# Request sequence of commutators to exchange two pieces in a 20x20x20 cube



## Zhiguo (Mar 4, 2010)

Does there exist a sequence of commutators to exchange any two pieces on a 20x20x20 cube?

I am not an expert at cube solving, but I have to write a program to solve 20x20x20 cubes. I have searched many algorithms, but most of them are not esay to understand since in each step they try to move more than two pieces.

So I want to ask this question:
Does there exist a sequence of commutators to exchange any two pieces on a 20x20x20 cube?

If there is such a sequence/sequences, it would be easier to give a solution by computer program, although it would not(and it need not to be) an optimal solution.

Thanks in advance! Any help would be appreciated! ^_^


----------



## qqwref (Mar 4, 2010)

You can't move only two center pieces, but because you can't tell center pieces apart you can do 3-cycles that look like you are only moving two. Let xR and yR be the xth and yth slices on R, then try this:
xR U' yR U xR' U' yR' U'

For edges you can interchange two pieces but there are no commutators to do so, just an algorithm. Letting r be some slice on R and l be the corresponding slice on L:
r U2 r U2 F2 r F2 l' U2 l U2 r2
(This only works if centers are solved, otherwise it might mess them up a bit.)


----------



## Zhiguo (Mar 4, 2010)

Thanks for your reply!



qqwref said:


> You can't move only two center pieces, but because you can't tell center pieces apart you can do 3-cycles that look like you are only moving two. Let xR and yR be the xth and yth slices on R, then try this:
> xR U' yR U xR' U' yR' U'


I have tried the sequecece on a 6x6x6 cube(from origin state), with x=3 and y=2. But the sequence does not result in cube with only two pieces messed up.

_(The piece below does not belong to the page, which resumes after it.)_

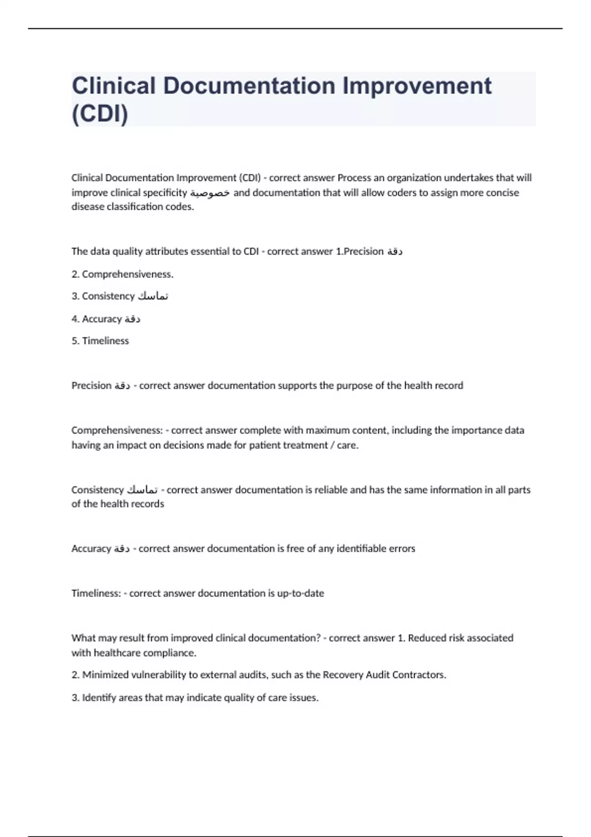 Clinical Documentation Improvement (CDI) Review Practice Questions 2024. Clinical Documentation Improvement (CDI) - correct answer Process an organization undertakes that will improve clinical specificity خصوصية and documentation that will allow coders to assign more concise disease classification codes. The data quality attributes essential to CDI - correct answer 1.Precision دقة 2. Comprehensiveness. 3. Consistency تماسك 4. Accuracy دقة 5. Timeliness Precision دقة - correct answer documentation supports the purpose of the health record Comprehensiveness: - correct answer complete with maximum content, including the importance data having an impact on decisions made for patient treatment / care. Consistency تماسك - correct answer documentation is reliable and has the same information in all parts of the health records Accuracy دقة - correct answer documentation is free of any identifiable errors Timeliness: - correct answer documentation is up-to-date What may result from improved clinical documentation? - correct answer 1. Reduced risk associated with healthcare compliance. 2. Minimized vulnerability to external audits, such as the Recovery Audit Contractors. 3. Identify areas that may indicate quality of care issues. 4. Improve reporting for quality measures, present of admission indicator, pay for performance programs, value-based purchasing, data used for decision-making in reimbursement methodologies, and better information for reporting the patient care provided. The core designated clinical documentation set for coding compliance in the acute care inpatient health record: - correct answer 1. Attending physician documentation. 2. Other provider documentation. 3. Diagnostic test results, Pathology reports Attending physician documentation: - correct answer H&P, problem list, progress notes, orders, operative reports, discharge summary.

EDIT: Yes, the sequence works as expected. I made a mistake when executing it. SORRY!



qqwref said:


> For edges you can interchange two pieces but there are no commutators to do so, just an algorithm. Letting r be some slice on R and l be the corresponding slice on L:
> r U2 r U2 F2 r F2 l' U2 l U2 r2
> (This only works if centers are solved, otherwise it might mess them up a bit.)

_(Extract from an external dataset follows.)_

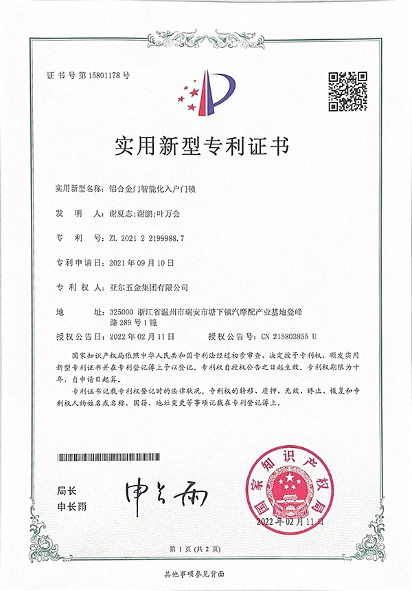 鋁合金門智能化入戶門鎖實(shí)用新型專利證書

Why isn't it possible to do anything with commutator sequences?
Maybe I mis-understood the meaning of commutators?
By "commutators", I mean the operation to rotate a single column on a cube.
What human can do to cubes are sequence of (maybe the mis-understood)"commutators".


----------



## qqwref (Mar 4, 2010)

Oh, no, commutator specifically means something like A B A' B' where A and B are moves or sequences of moves. (Move = a turn of any layer.) People talk about commutators a lot because they're so useful - you can do any 3-cycle (of the same type of piece) with a commutator.


----------



## Zhiguo (Mar 4, 2010)

qqwref said:


> Oh, no, commutator specifically means something like A B A' B' where A and B are moves or sequences of moves. (Move = a turn of any layer.) People talk about commutators a lot because they're so useful - you can do any 3-cycle (of the same type of piece) with a commutator.



Sorry for my mistake!
Now the question is to: find a sequence of basic operations to set piece at a specified position at a specified face to a specified color. 
For example, to "set L(2,3)=YELLOW", that is, to set the (2,3)-indexed piece on L face to color yellow.
According to my observation, given a specified location, for example L(2,3), there are only six pieces can be rotated to that location. Is my observation right?

P.S. By "basic operation", I mean the operation such as xR, yL, U, 1U, 2U...

Thanks again!


----------



## cmhardw (Mar 4, 2010)

Zhiguo said:


> Sorry for my mistake!
> Now the question is to: find a sequence of basic operations to set piece at a specified position at a specified face to a specified color.



Yes, this can be done and is the same problem we have for solving a larger cube blindfolded. Please read the stickied threads in this forum about blindfold solving the larger cubes for some in depth explanations of *how* to do this!

Hope this helps!
Chris


----------



## Zhiguo (Mar 8, 2010)

Your first formula is very very helpful! Except that the last operation should be U instead of U'.
With this single formula, I can solve all the central area of a randomly-messed-up 20x20x20 cube.

Now, I need to solve the edges and corners. But I do not understand your second formula. Can you explain a little more bit?

Thanks again!



qqwref said:


> You can't move only two center pieces, but because you can't tell center pieces apart you can do 3-cycles that look like you are only moving two. Let xR and yR be the xth and yth slices on R, then try this:
> xR U' yR U xR' U' yR' U'
> 
> For edges you can interchange two pieces but there are no commutators to do so, just an algorithm. Letting r be some slice on R and l be the corresponding slice on L:
> ...


----------